Часть 11 из 40 В начало
Для доступа к библиотеке пройдите авторизацию
Может, Эйфелева башня ничем не отличается от Монумента Вашингтону, белой боеголовки, торчащей из столицы Америки, – предвестницы других ядерных боеголовок, зарытых в бункерах по всей Америке?
Разве гигантская вагина хоть раз стала символом того, чем пришлось пожертвовать нации, думал я. (Тут, пожалуй, было одно исключение – Триумфальная арка, материнские бедра, из которых каждый год четырнадцатого июля вылезали французские военные, сам я, правда, никогда не присутствовал при этих родах, видел только фоторепортажи в Paris Match.) Но за этим единственным исключением…
Разве беременный живот хоть раз стал монументом?
Разве матка хоть раз послужила моделью для мемориала?
Хоть раз груди воспарили над столицей?
Почему мне это раньше никогда не приходило в голову?
Мой сосед встал и отсел от меня подальше.
Глава 7
Сгибаясь под тяжестью собственного глубокомыслия, но, скорее всего, под тяжестью больной головы, я шагал к пункту своего назначения мимо домов и домиков, все как один – унылые коробки в два или три этажа, между которыми изредка вклинивались кафешки и пивнушки. Подавленные овощи и расстроенные фрукты, разложенные на лотках возле двух замеченных мной продуктовых рынков, были самыми грустными обитателями этой улочки, не считая, конечно, меня, и всем нам хотелось оказаться в непредвзятых руках. Вместо Франции из моих колонизированных фантазий я попал в блеклый райончик, где нечего было осматривать и даже смотреть было не на что, словно бы его проектировал какой-нибудь американец или вьетнамец. Наконец я добрался до обшарпанной зеленой двери на меланхоличной улице и нажал на кнопку звонка.
Allô?
Вздохнув, я сказал то, что мне велел сказать Лё Ков Бой, да, это он сам придумал: я хочу попасть в рай.
Ты издеваешься? – спросил я, но он только пожал плечами. А тебе какое дело? Клиенты не жалуются. И что плохого в том, чтобы хотеть большего?
Турагент, наверное, тоже так думал.
Зеленая дверь в рай отворилась, и улыбающаяся женщина с ужасными зубами человека, чье детство прошло в стране третьего мира, замахала мне рукой, проходи, мол. Она была пенсионного возраста и говорила с напевностью филиппинки. Хэллоу, сэр, сказала она по-английски. Позвольте ваше пальто. Позвольте вашу обувь. Позвольте, я провожу вас в гостиную. Позвольте, я принесу вам кофе. Или чаю? Вина? Виски?
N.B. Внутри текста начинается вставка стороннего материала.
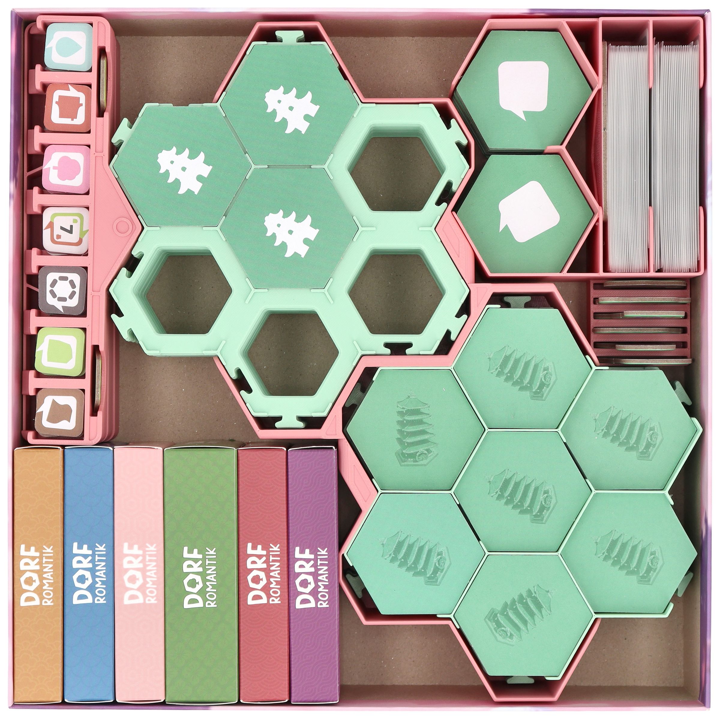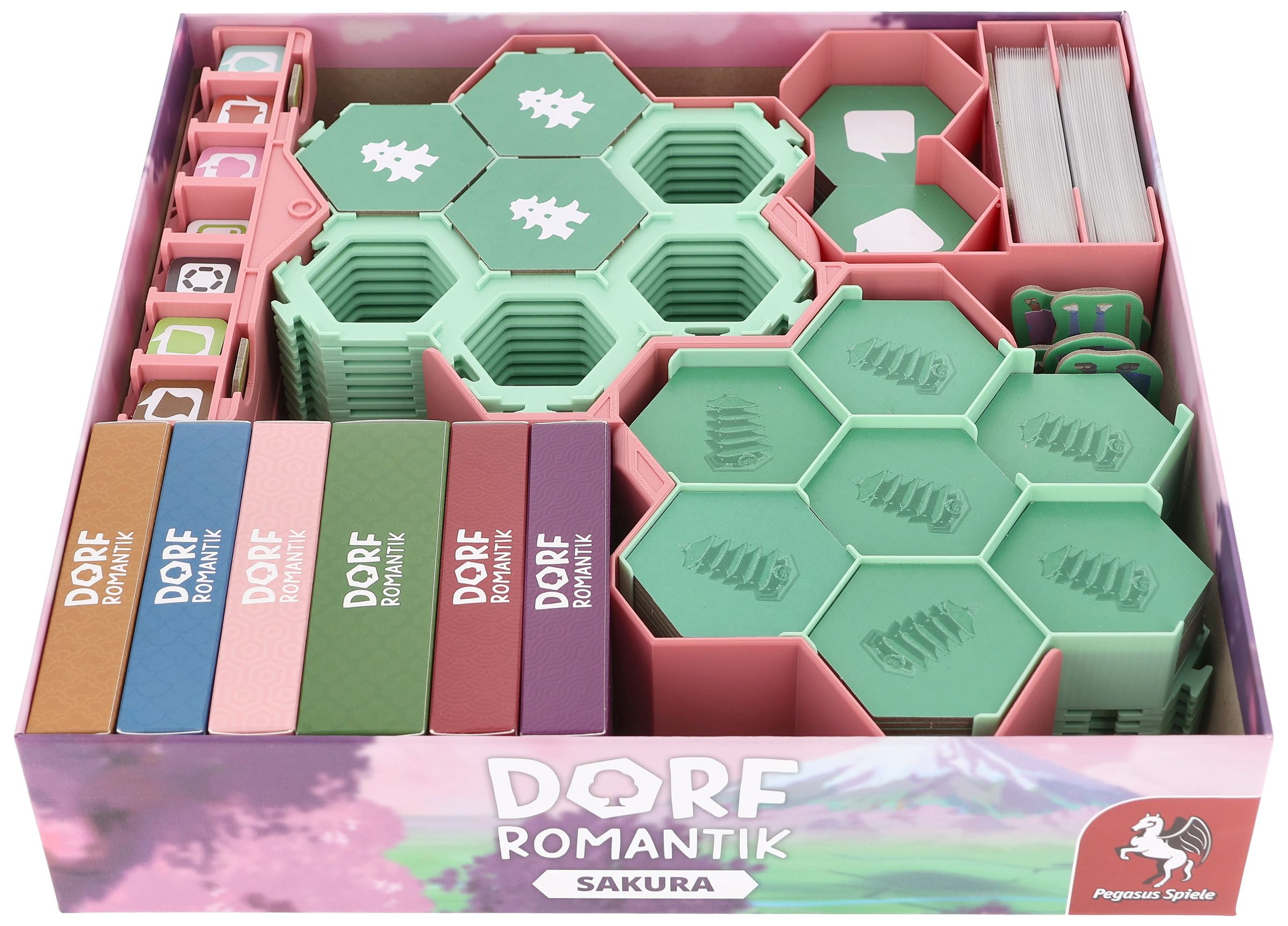 - The insert provides space for all contents from the core game expansion “Dorfromantik: Sakura”.

Виски, ответил я дрогнувшим голосом, меня легко растрогать подобным предложением.
Услужливая домоправительница поклонилась и, пятясь, вышла из комнаты. Окна были закрыты металлическими жалюзи, и единственным источником света были дешевые торшеры и телевизор, почти такой же огромный, как у Шефа. Диваны были обтянуты лоснящимся пятноустойчивым материалом, а если он не был пятноустойчивым, то это они, конечно, зря.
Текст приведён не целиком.